Aug 15, 2015
Growing Role of Proprietary Nursing Programs
- Concern about the quality and the fraudulent use of Federal student loans has plagued the growing for–profit college industry.
- The absence of a central regulatory body has meant that there is no reliable data on either the number or the quality of nursing programs offered by proprietary colleges.
- In all states and territories, except Florida, Mississippi, and New York, nursing programs must be approved by the State Pre-licensure Board of Nursing.
- In order to estimate the number and quality of proprietary nursing programs, we surveyed the 59 (some states have more than one) Pre-licensure Boards.
Based on responses from 41 of the 59 Pre-licensure Boards, we found:
- There is wide variation in the number of for-profit nursing programs across states.

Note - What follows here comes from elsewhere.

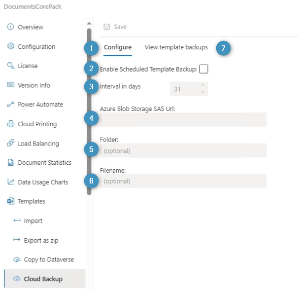 You can manage template backups in the system. ❶ Configure tab, as shown below. Here, you can ❷ enable scheduled template backups and decide on the ❸ interval in days. Make sure to set your ❹ Azure Blob Storage SAS URL. Optionally, you can set the ❺ folder and ❻ filename. You can view your backups in the ❼ View Template backups tab.

Four boards reported 0 and one (Florida) reported 73 programs.
- Thirty-four boards reported increases in numbers of proprietary programs in the several years.
- Eight of the 41 boards reported high turnover of proprietary programs (some have opened, while others have closed).
- Eighteen boards reported instances in which proprietary programs that did not meet standards were placed on probation, given conditional approval, or approval was rescinded and programs were closed.
- Problems in quality that were reported include: lack of sites for clinical placements, poorly planned clinical experiences and curricula, and a lack of qualified administrators and faculty. In addition, there have been cases of “lack of integrity”, identified in a number of ways, including threats to the board of nursing, presentation of false documents, and questionable recruiting that included accepting students who did not meet standards.
- Eight boards reported objections by legislators or others after denying approval. In most of these cases the boards were forced to ultimately approve the programs.